● **Provided information**
::::
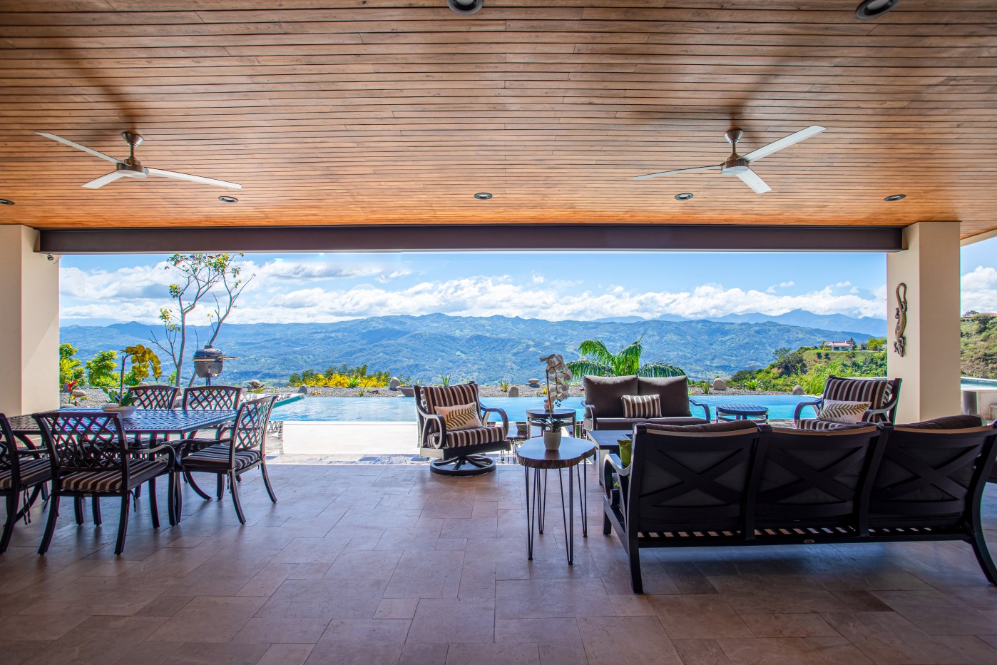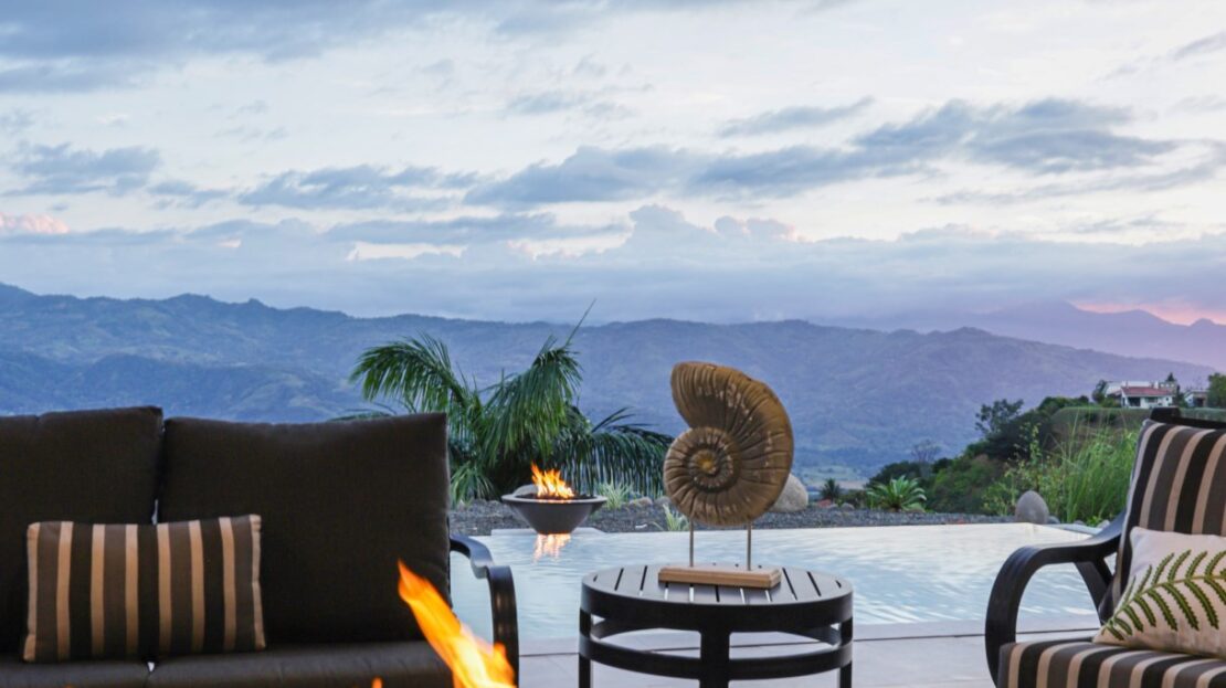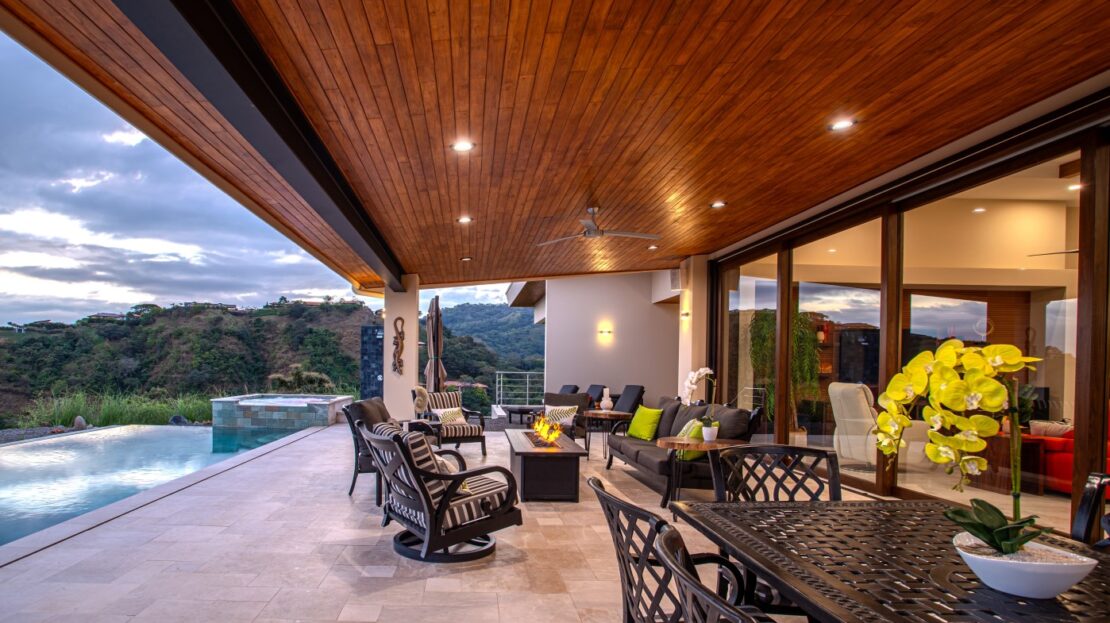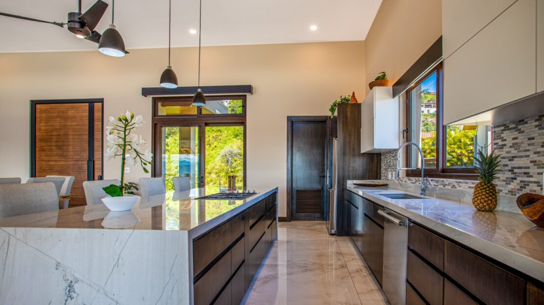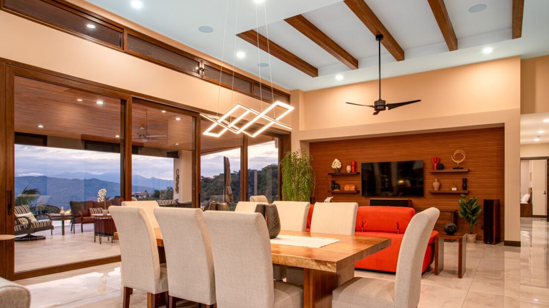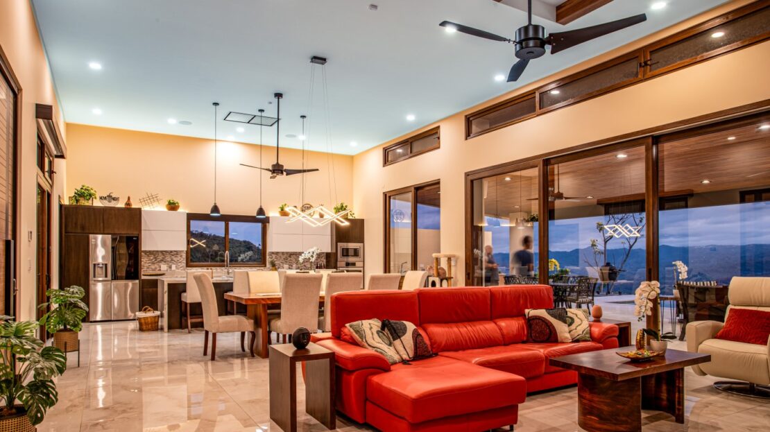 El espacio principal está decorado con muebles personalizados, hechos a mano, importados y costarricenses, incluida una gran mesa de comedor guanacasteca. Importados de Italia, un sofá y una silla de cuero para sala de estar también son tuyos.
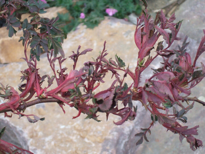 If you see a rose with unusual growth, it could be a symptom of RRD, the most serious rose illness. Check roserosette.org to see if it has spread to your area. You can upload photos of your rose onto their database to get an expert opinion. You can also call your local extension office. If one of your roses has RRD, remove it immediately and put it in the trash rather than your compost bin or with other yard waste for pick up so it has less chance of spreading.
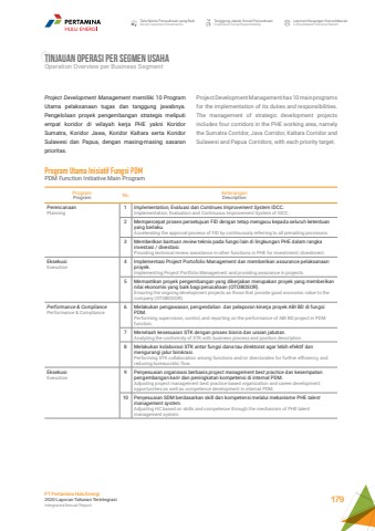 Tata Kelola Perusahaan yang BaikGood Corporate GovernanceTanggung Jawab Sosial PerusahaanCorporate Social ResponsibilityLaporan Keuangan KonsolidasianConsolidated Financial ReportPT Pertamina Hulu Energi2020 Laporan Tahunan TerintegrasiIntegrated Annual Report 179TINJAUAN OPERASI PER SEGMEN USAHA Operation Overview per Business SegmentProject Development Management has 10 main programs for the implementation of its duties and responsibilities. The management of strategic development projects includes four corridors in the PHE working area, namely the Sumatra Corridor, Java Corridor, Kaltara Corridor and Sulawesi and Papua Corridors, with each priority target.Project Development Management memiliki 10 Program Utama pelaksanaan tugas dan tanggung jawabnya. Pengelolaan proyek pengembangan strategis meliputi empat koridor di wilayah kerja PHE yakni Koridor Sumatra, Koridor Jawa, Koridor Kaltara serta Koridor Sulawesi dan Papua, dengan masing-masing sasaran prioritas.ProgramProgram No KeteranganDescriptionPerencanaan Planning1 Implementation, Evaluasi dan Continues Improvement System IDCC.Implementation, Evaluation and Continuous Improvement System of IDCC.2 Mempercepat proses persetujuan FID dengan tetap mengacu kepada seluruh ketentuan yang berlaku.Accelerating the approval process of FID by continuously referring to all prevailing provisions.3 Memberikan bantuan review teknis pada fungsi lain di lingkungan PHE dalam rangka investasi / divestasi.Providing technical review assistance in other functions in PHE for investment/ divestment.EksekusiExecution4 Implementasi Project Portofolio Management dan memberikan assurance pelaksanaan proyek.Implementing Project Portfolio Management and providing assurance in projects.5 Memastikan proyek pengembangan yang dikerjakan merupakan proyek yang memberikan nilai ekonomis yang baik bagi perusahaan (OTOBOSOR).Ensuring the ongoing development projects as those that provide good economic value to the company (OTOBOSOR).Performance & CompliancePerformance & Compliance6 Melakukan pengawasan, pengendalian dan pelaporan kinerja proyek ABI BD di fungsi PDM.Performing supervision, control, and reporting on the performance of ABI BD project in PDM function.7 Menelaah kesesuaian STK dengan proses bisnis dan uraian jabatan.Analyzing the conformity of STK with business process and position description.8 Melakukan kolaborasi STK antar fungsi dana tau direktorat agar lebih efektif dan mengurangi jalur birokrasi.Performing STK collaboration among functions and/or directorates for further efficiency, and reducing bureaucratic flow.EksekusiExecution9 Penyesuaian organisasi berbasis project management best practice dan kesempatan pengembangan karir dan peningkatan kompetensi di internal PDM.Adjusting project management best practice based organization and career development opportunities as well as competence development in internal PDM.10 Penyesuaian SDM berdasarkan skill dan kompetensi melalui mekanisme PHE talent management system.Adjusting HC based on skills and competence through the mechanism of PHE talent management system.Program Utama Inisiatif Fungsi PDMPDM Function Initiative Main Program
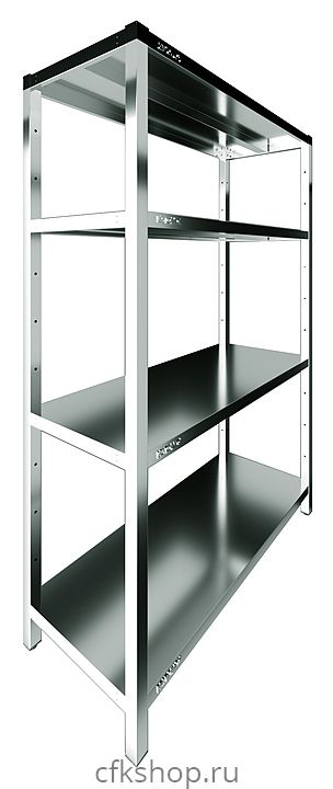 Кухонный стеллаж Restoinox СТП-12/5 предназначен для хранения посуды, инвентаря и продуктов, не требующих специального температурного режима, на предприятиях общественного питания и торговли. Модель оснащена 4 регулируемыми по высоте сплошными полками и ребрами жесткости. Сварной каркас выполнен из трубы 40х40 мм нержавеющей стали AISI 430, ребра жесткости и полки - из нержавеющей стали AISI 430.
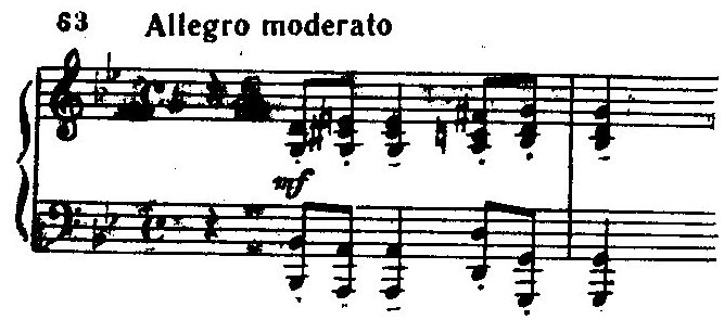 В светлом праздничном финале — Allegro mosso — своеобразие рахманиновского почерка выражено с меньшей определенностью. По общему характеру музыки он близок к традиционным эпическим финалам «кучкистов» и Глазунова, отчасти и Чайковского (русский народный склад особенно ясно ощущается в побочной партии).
::::
● **Activity**
Could you reproduce exactly, and only, the lines from the one containing "Кухонный стеллаж Restoinox" through the end of the records above, both included, while leaving out the pictures?

● **Response**
 Кухонный стеллаж Restoinox СТП-12/5 предназначен для хранения посуды, инвентаря и продуктов, не требующих специального температурного режима, на предприятиях общественного питания и торговли. Модель оснащена 4 регулируемыми по высоте сплошными полками и ребрами жесткости. Сварной каркас выполнен из трубы 40х40 мм нержавеющей стали AISI 430, ребра жесткости и полки - из нержавеющей стали AISI 430.
 В светлом праздничном финале — Allegro mosso — своеобразие рахманиновского почерка выражено с меньшей определенностью. По общему характеру музыки он близок к традиционным эпическим финалам «кучкистов» и Глазунова, отчасти и Чайковского (русский народный склад особенно ясно ощущается в побочной партии).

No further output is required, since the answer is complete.